Monday, September 22, 2014

THE BLASPHEMER, WWI meets plane crash meets philosophical atheism...only fun!


THE BLASPHEMER
NIGEL FARNDALE

Random House
$6.99 ebook editions, available now

Rating: 3.5* of five

The Publisher Says: On its way to the Galapagos Islands, a light aircraft ditches into the sea. As the water floods through the cabin, zoologist Daniel Kennedy faces an impossible choice - should he save himself, or Nancy, the woman he loves?

In a parallel narrative, it is 1917 and Daniel's great grandfather Andrew is preparing to go over the top at Passchendaele. He, too, will have his courage tested, and must live with the moral consequences of his actions.

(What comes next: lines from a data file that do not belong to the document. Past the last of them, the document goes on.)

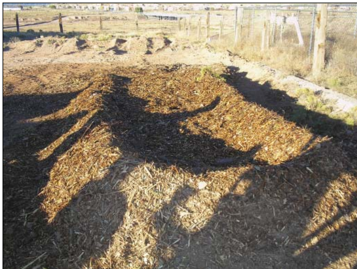
Trench of wood chips for composting butcher waste in New Mexico.

Blood is a little different. If it is still in a liquid form it is not hard to pour. If it has coagulated it is harder because it comes out in gelatinous chunks and clear liquid. Oils and grease will also solidify at cooler temperatures. The
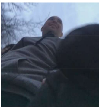
Figure #4 93

COPA reviewed video footage apparently recorded by ██████ at the scene prior to the arrival of on-duty CPD members. 92 The footage is approximately twelve seconds in length. It depicts Officer Troche-Vargas using his left hand to hold ██████ right shoulder as ██████ arises from the ground or the street (see Figure #4 below), it then depicts Officer Troche-Vargas releasing ██████ (Figure #5), and it then depicts Officer Troche-Vargas immediately afterwards (Figure #6). ██████ can be heard shouting at the officer throughout. As depicted in the video, Officer Troche-Vargas does not appear to be in distress.
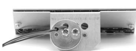
driver side(screws and mounting plate offset to the left)
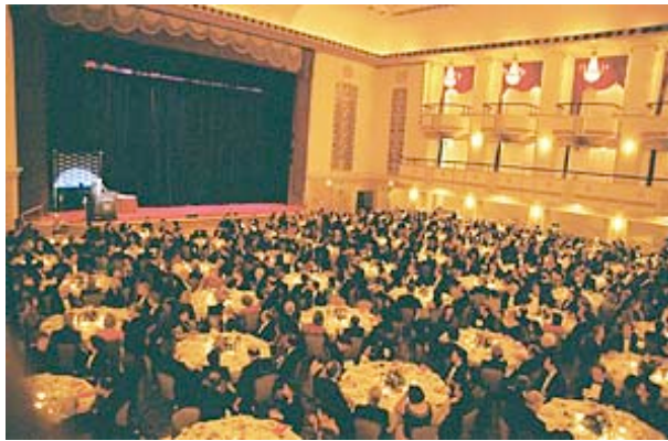
Grand Ballroom, The Waldorf=Astoria

©2005 Asia Society | 725 Park Avenue at 70th Street NY, NY 10021 | 212-288-6400 | Press Releases | Contact | FAQ | Become a Member
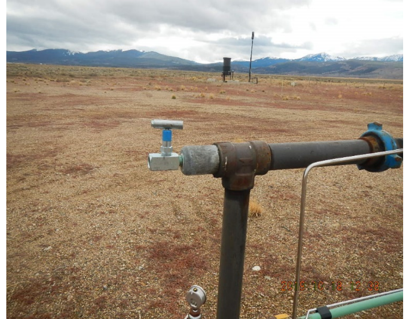
Needle valve not capped.
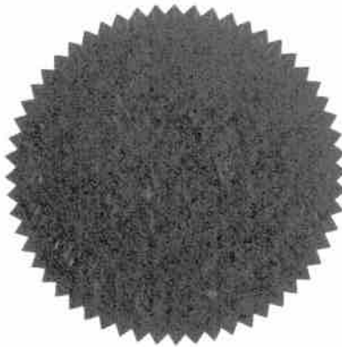
Chair of the Council

THE COMMON SEAL of the ) COUNCIL OF THE BOROUGH OF ) NORTH TYNESIDE was hereunto ) affixed this 1 st day of July 2010 ) in the presence of: )
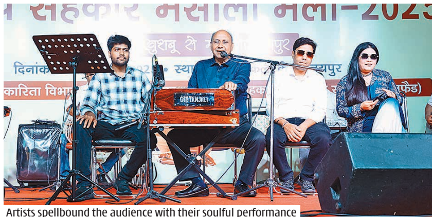
Artists spellbound the audience with their soulful performance

A major highlight of the day was the captivat-

Back in London, the atheistic Daniel is wrestling with something his 'cold philosophy' cannot explain - something unearthly he thought he saw while swimming for help in the Pacific. But before he can make sense of it, the past must collapse into the present, and both he and Andrew must prove themselves capable of altruism, and deserving of forgiveness.

The Blasphemer is a story about conditional love, cowardice and the possibility of redemption - and what happens to a man of science when forced to question his certainties. It is a novel of rare depth, empathy and ambition that sweeps from the trenches of the First World War to the terrorist-besieged streets of London today: a novel that will speak to the head as well as the heart of any reader.

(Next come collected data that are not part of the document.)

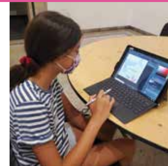
SESSION 2 August 15-26

Graphic Design Campers will learn the fundamentals of graphic design through a series of hands-on, creative projects. Campers will develop a body of work that expresses their voice as they explore and play with fonts, images, layering, digital drawing, and photomanipulation tools and techniques.
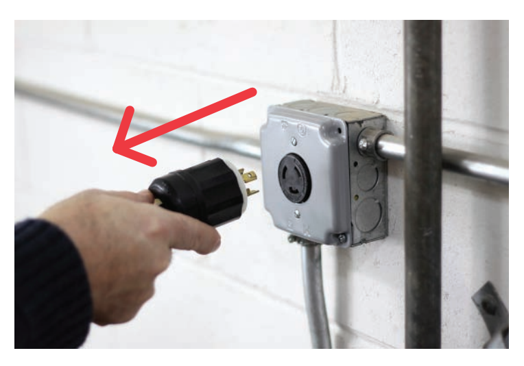
Disconnect the power tool from the power source before changing the saw blade.
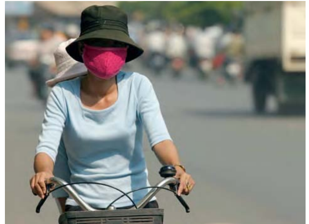
Cycling in Cambodia, photo: GTZ/Richard Lord

The most relevant human rights for this sector are contained in the International Covenant on Civil and Political Rights (ICCPR) and the International Covenant on Economic, Social and Cultural Rights (ICESCR). The UN Committees monitoring the implementation of the Covenants have interpreted the substance of the human rights guaranteed in the treaties, inter alia through their so-called General Comments. These Comments spell out that a clean environment is indispensable for the realisation of many human rights, in particular the rights to health, food and water. In addition, they interpret access to, and use of, vital natural resources as an important aspect of the socio-cultural identity of indigenous minorities, and worthy of protection. The development of a separate human right to a clean environment is under discussion. The human rights-based approach focuses on persons and groups that are particularly affected by environmental pollution and
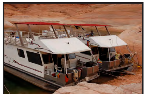
Docked for the Day
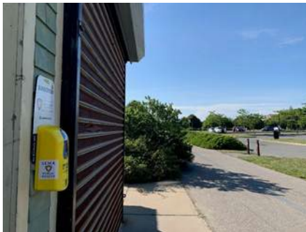
Fort Taber, New Bedford
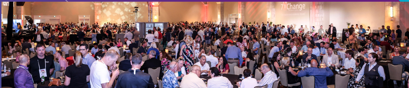
Welcome Reception at the Spring Conference

END-TO-END RELIABILITY: MISSION CRITICAL FACILITIES
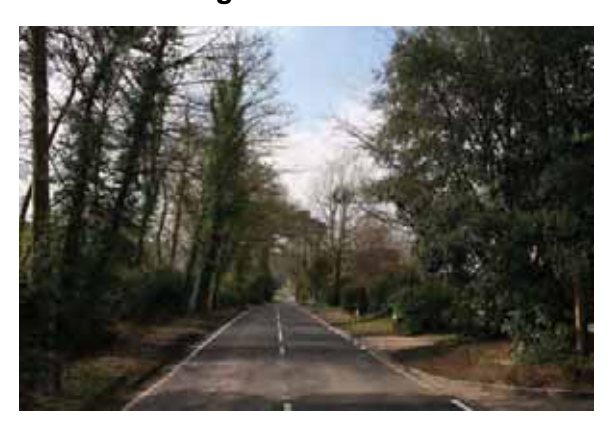
The semi-rural enclosed character of Leigh Hill Road, Fairmile
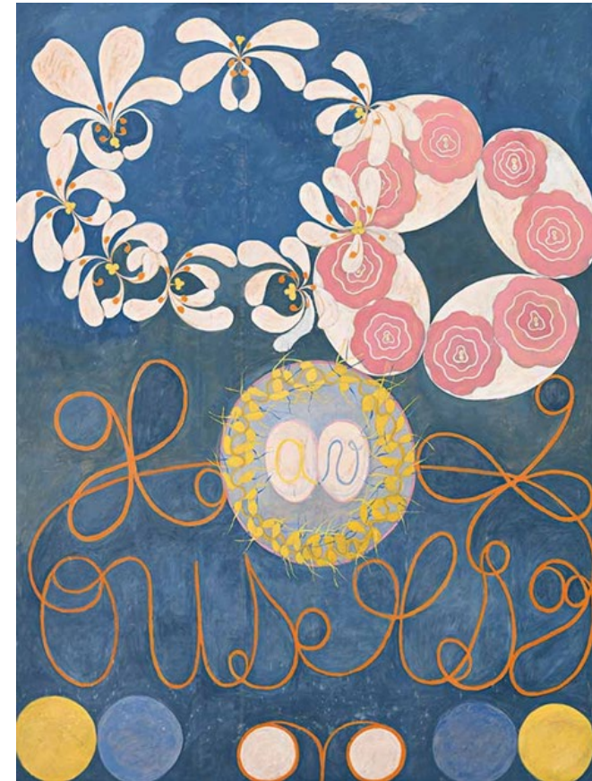
Painting by Hilma af Klint
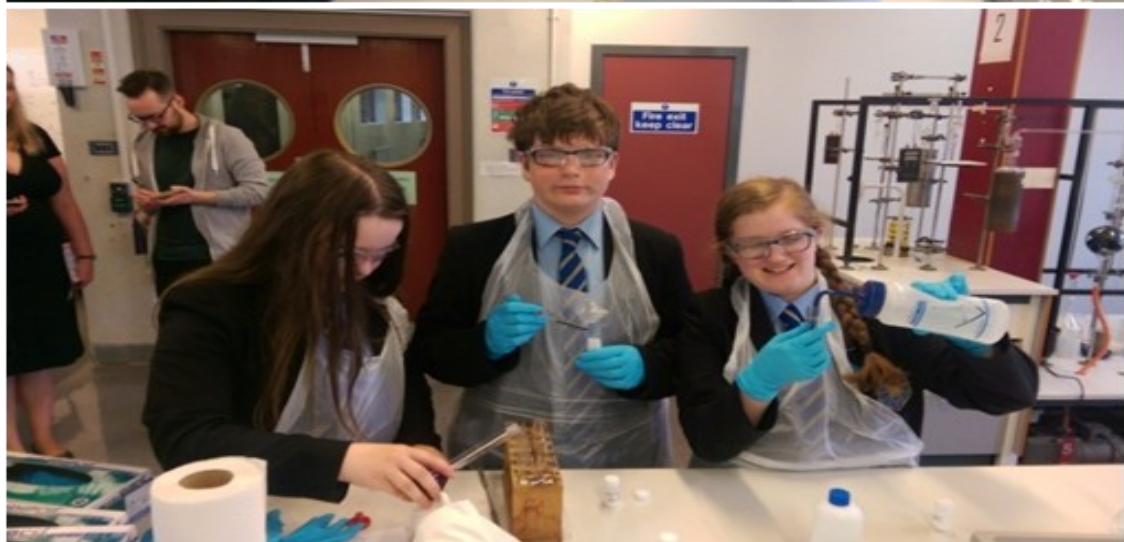
Solving the mix up at the factory!

My Review: Of the three books in here, I like the First World War narrative the best, followed by the London story of academic backbiting and relationship angst, and least of the three the underdeveloped metaphysical events connecting those two. One character says in the course of stitching the stories together that Darwin described angels as creations of Man, which "...have been described as the most beautiful conceit in mortal wit, and I would go along with that."

And that, me hearties, is that.

Daniel, our modern main character, sees his great-grandfather Andrew as he swims to safety. The World War One soldier was a deserter, which is a deeply shocking and shaming thing in the context of the day. Daniel's decision to save himself and not his pill of a baby-mama struck me as most tolerant of him, since I'd've taken the chance to shove her deep into the wreckage so as to be shut of the nightmare carping whinging misery-guts once and for all.

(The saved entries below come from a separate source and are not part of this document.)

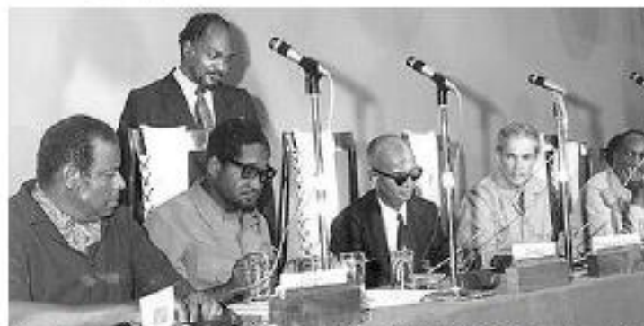
The leaders of the four founder countries of CARICOM (Barbados, Guyana, Jamaica and Trinidad and Tobago) signing the Treaty of Chaguaramas, which established what was originally the Caribbean Community and Common Market on 1 August 1973.
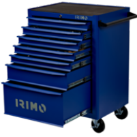
Tool Trolley 26" 7 Drawers 9066K7
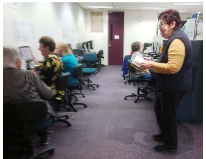
Research at the New Zealand Society of Genealogists library at Panmure, Auckland.
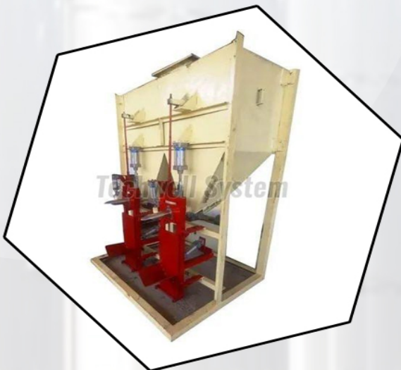
Semi Automatic Cement Packing Machine
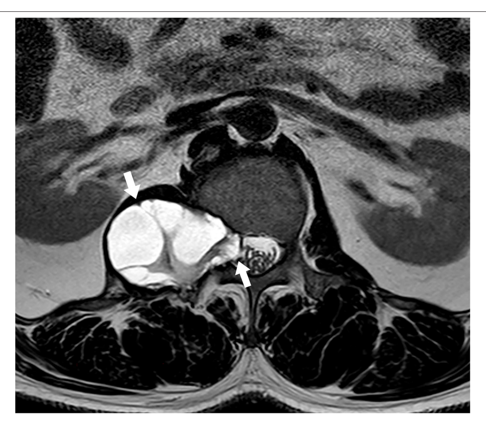
FIGURE 1 | MRI T2WI (axis image) showing hyperintense signal of an oval solid-cystic cavity at the right side of the vertebral body and across through the enlarged L1~L2 intervertebral foramen. Left arrow: The part outside of the spinal canal. Right arrow: The part passing through the intervertebral foramen and inside of the spinal canal.

the compression of the spinal cord or nerve root may occur, due to various shapes of the space formed by the spinal canal and its surrounding soft tissues, the different shapes of the hydatid cyst can be formed.
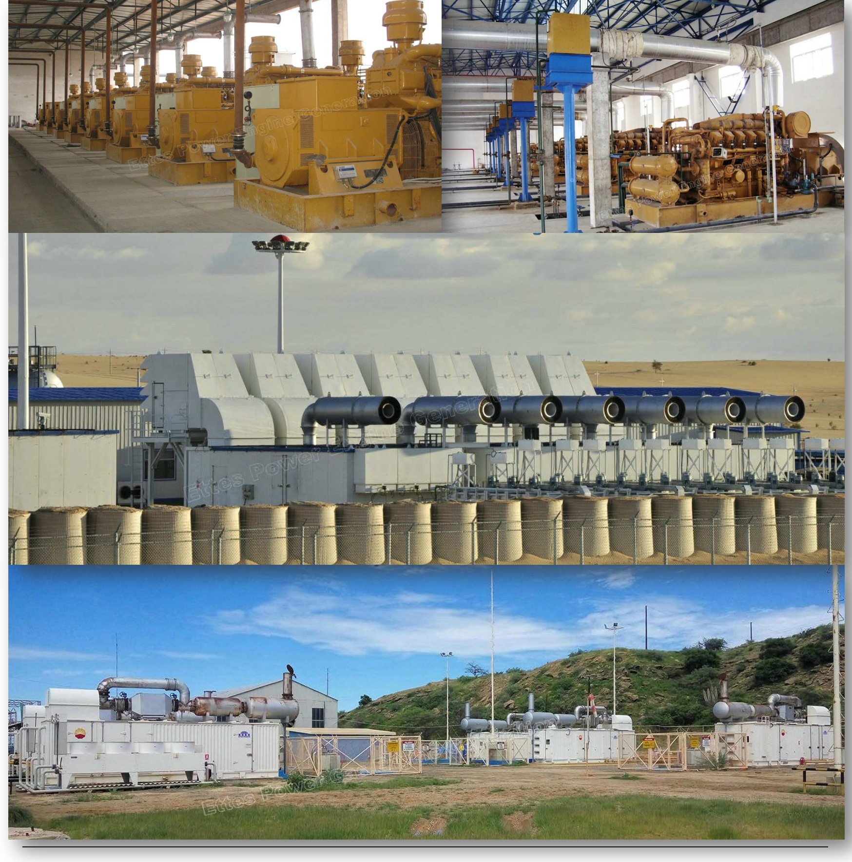
Knowing it is Ettes Power-The Key Supplier for Complete Power Generating System-

\bigstar \text{Above values are provided for information purpose only and are non-binding. The data given in official offer is decisive.}

What unites these men across the generations is their cowardly self-preservation, a trait that ultimately lets each create a future for himself and for unknown descendants. It's hard to fault the men. It's hard for them to forgive themselves. It's an interesting counterpoint that Farnsdale sets up: Andrew saves himself from mass insanity and all-but-inevitable senseless death, and Daniel saves his own hide from an accident that will imperil few. Are either of the men "correct" or "justified" in their actions/inactions?

I'm still thinking about them a year after reading the book for the second time. That's a damn good sign.

But I can't go over 3.5 stars of five. The messiness of the story lines is just too egregious for me to go up, and the inventiveness and intriguing premise are too involving for me to go down. It felt to me like the subplot of Daniel's dying father needed to be pruned out, and the characters of Hamsi the teacher and the twirling-mustachioed villain Wetherby were so broadly drawn as to be uninteresting. So while not unflawed, the book was a good, solid read with interesting philosophical points jabbing the soft, lazy parts of one's novel-reading brain.